A DEI program needs specific goals to be meaningful
DEI incentive metrics do not unilaterally make sense for every company and are not the only lever companies can use to hold management teams accountable. How can a board member evaluate if DEI incentive metrics would be meaningful? As with any key initiative, the dialogue surrounding performance management can give clues as to what does or doesn’t make sense at a company.
Assessing the dialogue at the board level
You can tell a lot about how seriously a company takes an issue by how directors discuss it. DEI efforts are no exception. Before going straight to incentive pay, evaluate how board members assess performance management around DEI.
- What information does the board receive on DEI? Is it primarily a report-out on key statistics, or does it go beyond the current state and include details on the company’s long-term strategy and goals?

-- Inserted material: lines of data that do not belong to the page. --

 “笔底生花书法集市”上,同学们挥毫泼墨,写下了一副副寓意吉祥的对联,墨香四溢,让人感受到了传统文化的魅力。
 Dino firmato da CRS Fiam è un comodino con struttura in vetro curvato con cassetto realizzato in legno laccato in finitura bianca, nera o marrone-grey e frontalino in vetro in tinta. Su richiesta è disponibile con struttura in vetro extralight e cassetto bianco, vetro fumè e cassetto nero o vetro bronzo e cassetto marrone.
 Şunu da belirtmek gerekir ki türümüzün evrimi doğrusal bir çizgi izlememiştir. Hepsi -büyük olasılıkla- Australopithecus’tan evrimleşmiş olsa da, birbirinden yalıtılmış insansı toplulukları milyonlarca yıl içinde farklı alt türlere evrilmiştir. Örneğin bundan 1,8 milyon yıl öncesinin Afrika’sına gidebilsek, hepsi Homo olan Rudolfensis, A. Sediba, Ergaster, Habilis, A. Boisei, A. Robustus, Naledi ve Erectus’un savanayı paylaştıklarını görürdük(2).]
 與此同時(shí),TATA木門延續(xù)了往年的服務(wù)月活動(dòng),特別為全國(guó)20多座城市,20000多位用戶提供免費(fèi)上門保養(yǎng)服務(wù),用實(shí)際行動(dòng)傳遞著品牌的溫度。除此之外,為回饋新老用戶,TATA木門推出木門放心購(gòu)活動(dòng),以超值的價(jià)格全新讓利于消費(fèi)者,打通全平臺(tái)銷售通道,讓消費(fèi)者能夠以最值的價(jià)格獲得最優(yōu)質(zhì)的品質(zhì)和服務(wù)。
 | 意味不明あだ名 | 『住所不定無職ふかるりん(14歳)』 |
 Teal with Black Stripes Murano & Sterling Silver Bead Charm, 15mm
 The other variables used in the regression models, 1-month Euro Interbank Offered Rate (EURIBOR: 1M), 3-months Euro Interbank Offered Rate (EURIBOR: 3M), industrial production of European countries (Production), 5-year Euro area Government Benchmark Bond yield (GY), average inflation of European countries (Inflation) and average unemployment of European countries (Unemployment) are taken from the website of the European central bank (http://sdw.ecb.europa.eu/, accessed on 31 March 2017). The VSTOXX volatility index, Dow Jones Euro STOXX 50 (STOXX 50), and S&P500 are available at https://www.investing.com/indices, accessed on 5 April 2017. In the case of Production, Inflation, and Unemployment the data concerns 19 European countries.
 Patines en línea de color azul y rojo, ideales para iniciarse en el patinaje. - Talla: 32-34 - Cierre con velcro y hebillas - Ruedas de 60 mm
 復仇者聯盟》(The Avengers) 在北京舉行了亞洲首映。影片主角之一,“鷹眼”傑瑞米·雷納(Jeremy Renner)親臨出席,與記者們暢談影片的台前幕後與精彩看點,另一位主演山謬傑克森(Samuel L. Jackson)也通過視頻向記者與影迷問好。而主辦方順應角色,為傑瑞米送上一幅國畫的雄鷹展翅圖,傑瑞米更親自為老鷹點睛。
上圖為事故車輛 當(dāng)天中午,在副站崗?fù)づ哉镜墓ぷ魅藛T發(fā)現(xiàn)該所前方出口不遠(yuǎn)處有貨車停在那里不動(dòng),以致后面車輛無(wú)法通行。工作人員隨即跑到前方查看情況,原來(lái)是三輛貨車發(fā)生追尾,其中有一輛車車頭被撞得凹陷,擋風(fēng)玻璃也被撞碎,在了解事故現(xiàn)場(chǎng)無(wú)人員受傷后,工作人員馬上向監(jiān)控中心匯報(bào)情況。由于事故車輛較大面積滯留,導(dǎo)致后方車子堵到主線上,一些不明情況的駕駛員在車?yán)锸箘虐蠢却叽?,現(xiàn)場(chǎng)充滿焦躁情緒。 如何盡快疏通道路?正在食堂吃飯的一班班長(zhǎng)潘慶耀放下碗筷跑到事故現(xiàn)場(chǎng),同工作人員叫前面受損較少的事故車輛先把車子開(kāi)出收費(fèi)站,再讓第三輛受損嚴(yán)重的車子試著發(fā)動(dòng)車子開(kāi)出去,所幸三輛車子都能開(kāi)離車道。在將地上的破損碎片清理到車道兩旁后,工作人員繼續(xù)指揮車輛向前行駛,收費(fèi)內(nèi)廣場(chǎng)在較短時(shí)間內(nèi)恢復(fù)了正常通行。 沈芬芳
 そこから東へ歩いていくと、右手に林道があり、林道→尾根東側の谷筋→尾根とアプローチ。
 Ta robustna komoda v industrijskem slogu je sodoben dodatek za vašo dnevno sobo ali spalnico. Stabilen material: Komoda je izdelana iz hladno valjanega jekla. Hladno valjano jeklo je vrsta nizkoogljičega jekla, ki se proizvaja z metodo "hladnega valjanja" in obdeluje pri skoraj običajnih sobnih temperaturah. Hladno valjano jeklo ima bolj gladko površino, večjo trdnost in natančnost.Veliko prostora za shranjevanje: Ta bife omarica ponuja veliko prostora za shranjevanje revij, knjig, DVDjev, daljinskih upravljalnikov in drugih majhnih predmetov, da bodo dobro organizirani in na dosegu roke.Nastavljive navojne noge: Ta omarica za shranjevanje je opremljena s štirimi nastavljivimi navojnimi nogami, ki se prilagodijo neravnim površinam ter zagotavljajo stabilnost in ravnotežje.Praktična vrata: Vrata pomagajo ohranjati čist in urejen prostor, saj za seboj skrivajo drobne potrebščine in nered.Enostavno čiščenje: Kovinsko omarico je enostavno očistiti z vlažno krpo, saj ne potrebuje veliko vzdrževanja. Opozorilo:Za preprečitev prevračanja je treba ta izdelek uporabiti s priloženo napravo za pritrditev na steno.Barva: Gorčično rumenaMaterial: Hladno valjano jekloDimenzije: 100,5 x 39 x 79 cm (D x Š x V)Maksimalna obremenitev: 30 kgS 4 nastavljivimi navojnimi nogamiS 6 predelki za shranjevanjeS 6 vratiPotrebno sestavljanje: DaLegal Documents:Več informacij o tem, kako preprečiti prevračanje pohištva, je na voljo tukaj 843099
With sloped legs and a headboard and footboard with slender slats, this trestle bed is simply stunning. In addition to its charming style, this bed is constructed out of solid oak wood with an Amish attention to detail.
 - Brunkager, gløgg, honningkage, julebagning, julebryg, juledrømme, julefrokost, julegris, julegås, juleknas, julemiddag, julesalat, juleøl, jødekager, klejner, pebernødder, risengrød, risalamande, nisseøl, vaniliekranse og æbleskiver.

- Is the board aware of who leads the charge on the company’s DEI strategy? Can the board hear from those individuals and from diverse members of management?
- Does the board have visibility on how key DEI statistics have progressed over time? Is the board aware of how progress compares to external and/or peer standards?

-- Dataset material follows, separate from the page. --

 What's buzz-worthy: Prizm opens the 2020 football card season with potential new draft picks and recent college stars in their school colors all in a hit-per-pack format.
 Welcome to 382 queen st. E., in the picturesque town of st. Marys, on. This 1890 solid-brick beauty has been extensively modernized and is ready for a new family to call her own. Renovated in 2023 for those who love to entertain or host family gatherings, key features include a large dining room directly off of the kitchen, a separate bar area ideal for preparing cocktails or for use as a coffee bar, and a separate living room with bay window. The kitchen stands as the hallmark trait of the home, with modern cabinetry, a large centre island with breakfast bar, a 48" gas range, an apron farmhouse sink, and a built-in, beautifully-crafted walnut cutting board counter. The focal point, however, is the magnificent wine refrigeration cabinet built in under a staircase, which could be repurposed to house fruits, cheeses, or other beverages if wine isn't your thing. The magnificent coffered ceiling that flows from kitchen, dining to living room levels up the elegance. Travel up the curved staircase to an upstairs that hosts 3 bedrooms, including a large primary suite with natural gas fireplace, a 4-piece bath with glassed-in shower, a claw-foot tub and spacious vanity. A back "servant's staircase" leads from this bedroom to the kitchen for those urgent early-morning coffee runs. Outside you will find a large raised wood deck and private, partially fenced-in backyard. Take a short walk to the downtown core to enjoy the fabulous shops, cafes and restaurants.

- Are the definitions of success clear? Does the board know what the right goals should be? Is there sufficient room for board dialogue to test the rigor of goals?
- Are the indicators of “something went wrong” clear to the board? For areas where the company misses the mark, is the board aware of the key drivers and needed course corrections?
- Does the board discuss messaging and disclosure both internally and externally?
With the investor energy and attention on DEI, it’s worth slowing down to ensure that the board and management culture around DEI is robust and meaningful before thinking about incentives. Many boards and management teams will need to go through a learning process to see what works and what’s important for their organization. But that learning depends on a structure. The goals can change, but boards can insist on quantifiable metrics from the start for performance management. Otherwise, the conversations might go nowhere.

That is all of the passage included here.